Records from a dataset:
================================
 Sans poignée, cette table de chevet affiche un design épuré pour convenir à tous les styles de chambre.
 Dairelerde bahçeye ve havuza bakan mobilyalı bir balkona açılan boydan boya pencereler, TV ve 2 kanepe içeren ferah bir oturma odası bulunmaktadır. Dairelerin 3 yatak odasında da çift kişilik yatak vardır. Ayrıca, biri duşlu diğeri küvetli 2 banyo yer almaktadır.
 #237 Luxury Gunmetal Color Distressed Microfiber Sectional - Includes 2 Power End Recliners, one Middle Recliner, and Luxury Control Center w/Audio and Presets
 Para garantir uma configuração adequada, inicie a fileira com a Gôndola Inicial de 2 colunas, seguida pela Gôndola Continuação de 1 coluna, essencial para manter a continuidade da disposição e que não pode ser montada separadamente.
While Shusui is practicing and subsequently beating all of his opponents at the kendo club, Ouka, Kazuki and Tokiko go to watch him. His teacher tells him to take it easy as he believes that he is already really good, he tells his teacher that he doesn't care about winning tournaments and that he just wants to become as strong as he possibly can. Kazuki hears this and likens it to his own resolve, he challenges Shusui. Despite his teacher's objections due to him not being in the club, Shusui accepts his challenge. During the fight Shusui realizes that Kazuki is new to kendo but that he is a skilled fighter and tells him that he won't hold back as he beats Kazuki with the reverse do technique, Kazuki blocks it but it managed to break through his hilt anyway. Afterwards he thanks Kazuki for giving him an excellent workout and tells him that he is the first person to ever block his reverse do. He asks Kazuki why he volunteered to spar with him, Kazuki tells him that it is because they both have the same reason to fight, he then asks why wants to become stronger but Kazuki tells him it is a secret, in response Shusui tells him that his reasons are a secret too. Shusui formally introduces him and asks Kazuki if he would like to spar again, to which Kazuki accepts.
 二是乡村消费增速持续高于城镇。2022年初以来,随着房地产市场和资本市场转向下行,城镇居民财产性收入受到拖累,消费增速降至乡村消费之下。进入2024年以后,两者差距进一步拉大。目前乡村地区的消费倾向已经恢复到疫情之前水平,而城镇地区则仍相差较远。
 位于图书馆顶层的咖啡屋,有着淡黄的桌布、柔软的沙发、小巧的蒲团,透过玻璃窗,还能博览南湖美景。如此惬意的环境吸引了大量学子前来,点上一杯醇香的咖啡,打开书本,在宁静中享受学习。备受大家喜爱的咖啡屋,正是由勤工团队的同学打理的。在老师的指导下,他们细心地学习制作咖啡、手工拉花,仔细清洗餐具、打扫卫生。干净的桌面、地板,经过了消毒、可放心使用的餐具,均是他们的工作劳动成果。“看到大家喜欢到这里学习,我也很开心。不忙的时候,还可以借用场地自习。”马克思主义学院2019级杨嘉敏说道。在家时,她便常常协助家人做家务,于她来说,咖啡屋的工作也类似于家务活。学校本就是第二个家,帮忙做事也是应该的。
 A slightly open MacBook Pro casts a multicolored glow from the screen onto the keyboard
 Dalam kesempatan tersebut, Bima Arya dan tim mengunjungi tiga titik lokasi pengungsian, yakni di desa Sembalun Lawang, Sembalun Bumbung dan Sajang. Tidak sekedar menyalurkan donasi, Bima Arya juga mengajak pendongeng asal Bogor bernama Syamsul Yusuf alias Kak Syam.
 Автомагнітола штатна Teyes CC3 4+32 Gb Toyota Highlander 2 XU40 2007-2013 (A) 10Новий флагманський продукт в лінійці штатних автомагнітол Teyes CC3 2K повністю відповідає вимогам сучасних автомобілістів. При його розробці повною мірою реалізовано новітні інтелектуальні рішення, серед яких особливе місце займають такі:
================================
• Goal of the exercise: Transcribe each of the records verbatim.

• Answer section:
 Sans poignée, cette table de chevet affiche un design épuré pour convenir à tous les styles de chambre.
 Dairelerde bahçeye ve havuza bakan mobilyalı bir balkona açılan boydan boya pencereler, TV ve 2 kanepe içeren ferah bir oturma odası bulunmaktadır. Dairelerin 3 yatak odasında da çift kişilik yatak vardır. Ayrıca, biri duşlu diğeri küvetli 2 banyo yer almaktadır.
 #237 Luxury Gunmetal Color Distressed Microfiber Sectional - Includes 2 Power End Recliners, one Middle Recliner, and Luxury Control Center w/Audio and Presets
 Para garantir uma configuração adequada, inicie a fileira com a Gôndola Inicial de 2 colunas, seguida pela Gôndola Continuação de 1 coluna, essencial para manter a continuidade da disposição e que não pode ser montada separadamente.
While Shusui is practicing and subsequently beating all of his opponents at the kendo club, Ouka, Kazuki and Tokiko go to watch him. His teacher tells him to take it easy as he believes that he is already really good, he tells his teacher that he doesn't care about winning tournaments and that he just wants to become as strong as he possibly can. Kazuki hears this and likens it to his own resolve, he challenges Shusui. Despite his teacher's objections due to him not being in the club, Shusui accepts his challenge. During the fight Shusui realizes that Kazuki is new to kendo but that he is a skilled fighter and tells him that he won't hold back as he beats Kazuki with the reverse do technique, Kazuki blocks it but it managed to break through his hilt anyway. Afterwards he thanks Kazuki for giving him an excellent workout and tells him that he is the first person to ever block his reverse do. He asks Kazuki why he volunteered to spar with him, Kazuki tells him that it is because they both have the same reason to fight, he then asks why wants to become stronger but Kazuki tells him it is a secret, in response Shusui tells him that his reasons are a secret too. Shusui formally introduces him and asks Kazuki if he would like to spar again, to which Kazuki accepts.
 二是乡村消费增速持续高于城镇。2022年初以来,随着房地产市场和资本市场转向下行,城镇居民财产性收入受到拖累,消费增速降至乡村消费之下。进入2024年以后,两者差距进一步拉大。目前乡村地区的消费倾向已经恢复到疫情之前水平,而城镇地区则仍相差较远。
 位于图书馆顶层的咖啡屋,有着淡黄的桌布、柔软的沙发、小巧的蒲团,透过玻璃窗,还能博览南湖美景。如此惬意的环境吸引了大量学子前来,点上一杯醇香的咖啡,打开书本,在宁静中享受学习。备受大家喜爱的咖啡屋,正是由勤工团队的同学打理的。在老师的指导下,他们细心地学习制作咖啡、手工拉花,仔细清洗餐具、打扫卫生。干净的桌面、地板,经过了消毒、可放心使用的餐具,均是他们的工作劳动成果。“看到大家喜欢到这里学习,我也很开心。不忙的时候,还可以借用场地自习。”马克思主义学院2019级杨嘉敏说道。在家时,她便常常协助家人做家务,于她来说,咖啡屋的工作也类似于家务活。学校本就是第二个家,帮忙做事也是应该的。
 A slightly open MacBook Pro casts a multicolored glow from the screen onto the keyboard
 Dalam kesempatan tersebut, Bima Arya dan tim mengunjungi tiga titik lokasi pengungsian, yakni di desa Sembalun Lawang, Sembalun Bumbung dan Sajang. Tidak sekedar menyalurkan donasi, Bima Arya juga mengajak pendongeng asal Bogor bernama Syamsul Yusuf alias Kak Syam.
 Автомагнітола штатна Teyes CC3 4+32 Gb Toyota Highlander 2 XU40 2007-2013 (A) 10Новий флагманський продукт в лінійці штатних автомагнітол Teyes CC3 2K повністю відповідає вимогам сучасних автомобілістів. При його розробці повною мірою реалізовано новітні інтелектуальні рішення, серед яких особливе місце займають такі:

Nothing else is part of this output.